* _Task to carry out_: Repeat only these lines, exactly: the first line of the data, the line containing "截至北京时间04:59,6月", and every line between them. Pictures stay out.

* _Source data_:

--

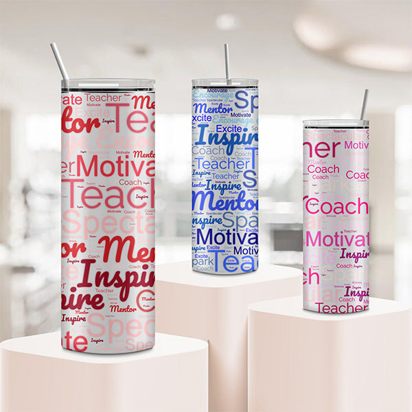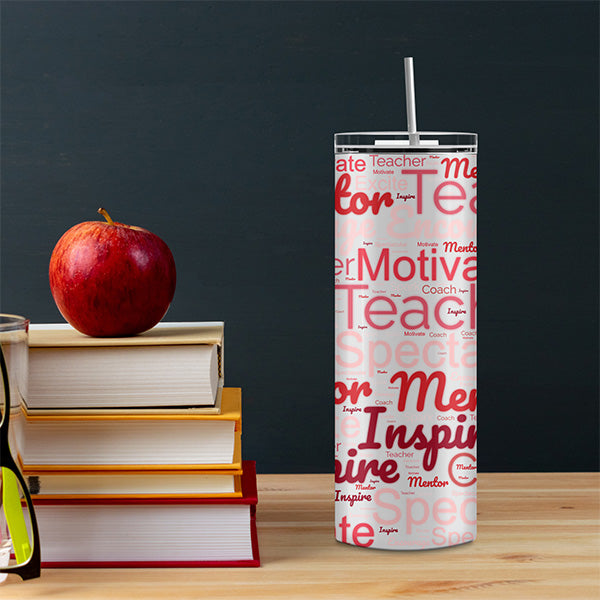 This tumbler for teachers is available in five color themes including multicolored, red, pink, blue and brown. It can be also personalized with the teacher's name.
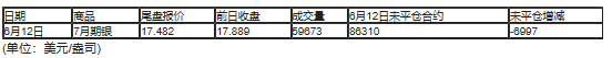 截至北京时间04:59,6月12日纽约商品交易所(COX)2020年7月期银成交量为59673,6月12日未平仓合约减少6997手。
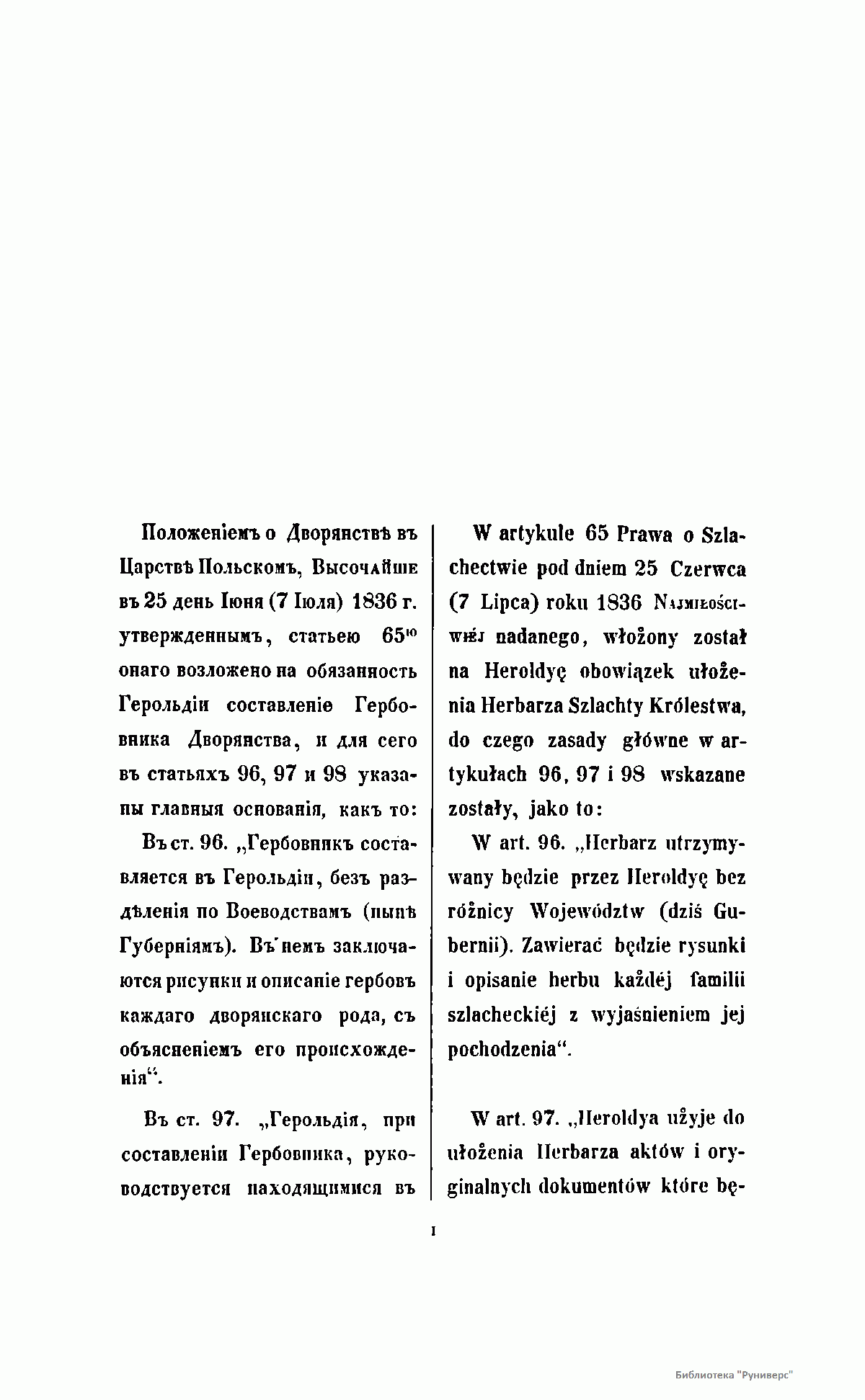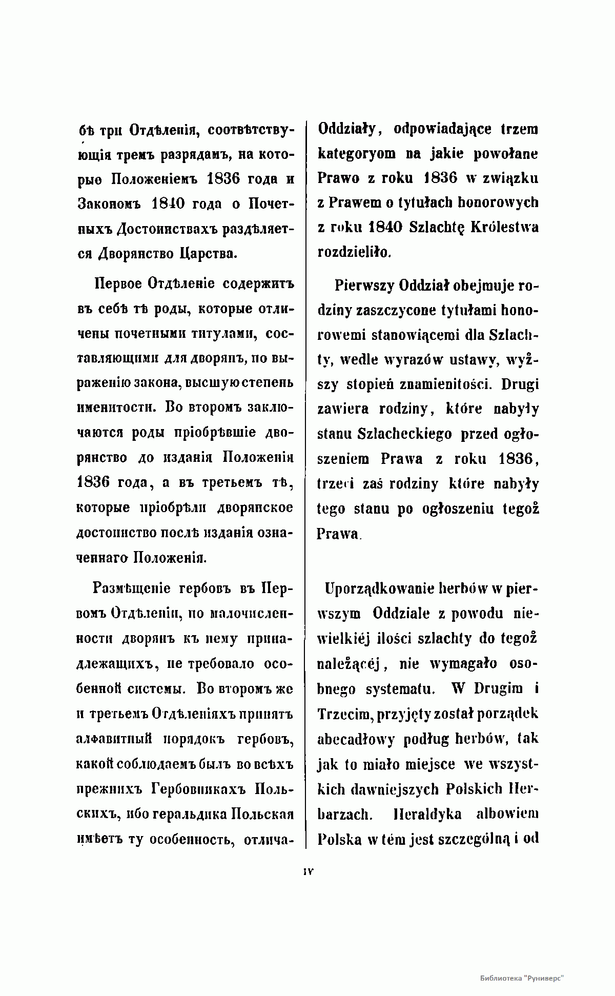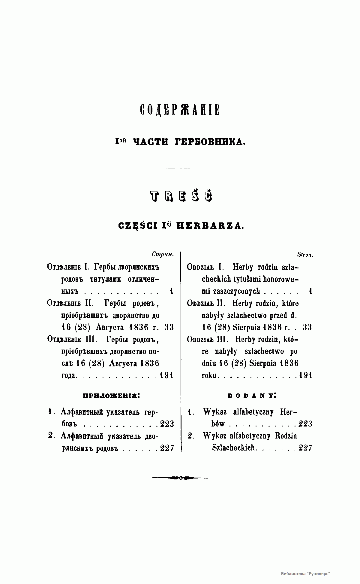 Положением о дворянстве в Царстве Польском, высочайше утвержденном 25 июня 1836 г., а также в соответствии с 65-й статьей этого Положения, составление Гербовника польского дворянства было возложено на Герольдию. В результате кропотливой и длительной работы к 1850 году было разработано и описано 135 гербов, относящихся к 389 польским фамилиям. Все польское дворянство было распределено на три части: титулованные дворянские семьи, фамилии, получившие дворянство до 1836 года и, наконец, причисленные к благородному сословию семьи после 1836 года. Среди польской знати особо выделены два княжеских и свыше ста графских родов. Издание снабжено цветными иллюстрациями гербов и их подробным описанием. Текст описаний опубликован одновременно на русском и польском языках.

--

* _Task solution_:
 This tumbler for teachers is available in five color themes including multicolored, red, pink, blue and brown. It can be also personalized with the teacher's name.
 截至北京时间04:59,6月12日纽约商品交易所(COX)2020年7月期银成交量为59673,6月12日未平仓合约减少6997手。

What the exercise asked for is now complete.